Leaving out all pictures, retype the records exactly.

*** Begin section ***

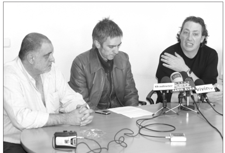
Representantes de la Asociación de Comerciantes de la Gran Avenida
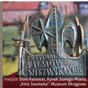
miejsce: Dom Katolicki, Rynek Starego Miasta, „Kino Starówka”, Muzeum Okręgowe

Uczta dla miłośników kina, podczas której organizowane są spotkania autorskie ze znakomitymi osobowościami polskiej kinematografii, liczne projekcje filmowe, ogólnopolskie warsztaty filmowo-muzyczne, koncerty oraz wiele innych atrakcji.
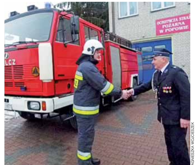
Przekazanie kluczyków kierowcy wozu strażackiego. W tle Jelcz, który już służy ochotnikom z Popowa.

W stosunku do kierowcy zastosowano środek zapobiegawczy w postaci tymczasowego aresztowania na okres trzech miesięcy. Prokuratura postawiła 38-latkowi zarzut spowodowania wypadku w ruchu drogowym ze skutkiem śmiertelnym. Grozi mu 12 lat pozbawienia wolności. aw
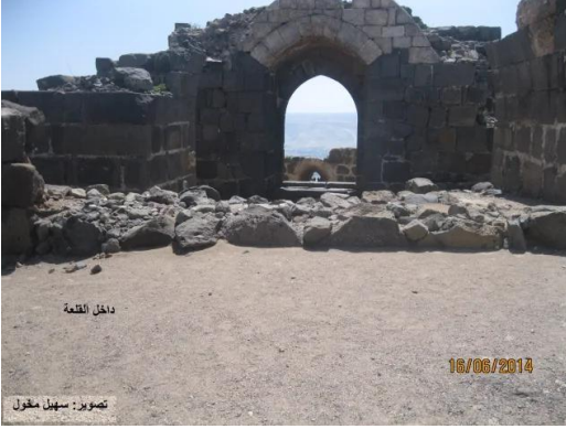
كوكب الهوا: كوكب الهوا - القلعة يوم 16 حزيران 2014
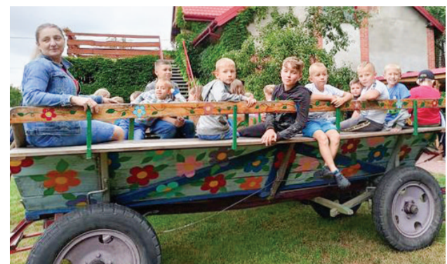
Wakacyjna przygoda w Dzierżanej

Na początku sierpnia w szkole w Grotnikach odbyły się półkolonie pod nazwą "Letnia przygoda z harcerzami". W trakcie zajęć dzieci rozwijały swoją kreatywność, wyobraźnię i sprawność fizyczną. Nabyły umiejętności występów publicznych, samodzielnego organizowania czasu, dzięki spotkaniu z policjantami poznały zasady bezpieczeństwa podczas wakacji. Do udziału w bezpłatnych zajęciach dzieci zaprosili Harcerze Hufca ZHP Zgierz i Wójt Gminy Zgierz.

*** End section ***

RESULT BELOW:
Representantes de la Asociación de Comerciantes de la Gran Avenida
miejsce: Dom Katolicki, Rynek Starego Miasta, „Kino Starówka”, Muzeum Okręgowe

Uczta dla miłośników kina, podczas której organizowane są spotkania autorskie ze znakomitymi osobowościami polskiej kinematografii, liczne projekcje filmowe, ogólnopolskie warsztaty filmowo-muzyczne, koncerty oraz wiele innych atrakcji.
Przekazanie kluczyków kierowcy wozu strażackiego. W tle Jelcz, który już służy ochotnikom z Popowa.

W stosunku do kierowcy zastosowano środek zapobiegawczy w postaci tymczasowego aresztowania na okres trzech miesięcy. Prokuratura postawiła 38-latkowi zarzut spowodowania wypadku w ruchu drogowym ze skutkiem śmiertelnym. Grozi mu 12 lat pozbawienia wolności. aw
كوكب الهوا: كوكب الهوا - القلعة يوم 16 حزيران 2014
Wakacyjna przygoda w Dzierżanej

Na początku sierpnia w szkole w Grotnikach odbyły się półkolonie pod nazwą "Letnia przygoda z harcerzami". W trakcie zajęć dzieci rozwijały swoją kreatywność, wyobraźnię i sprawność fizyczną. Nabyły umiejętności występów publicznych, samodzielnego organizowania czasu, dzięki spotkaniu z policjantami poznały zasady bezpieczeństwa podczas wakacji. Do udziału w bezpłatnych zajęciach dzieci zaprosili Harcerze Hufca ZHP Zgierz i Wójt Gminy Zgierz.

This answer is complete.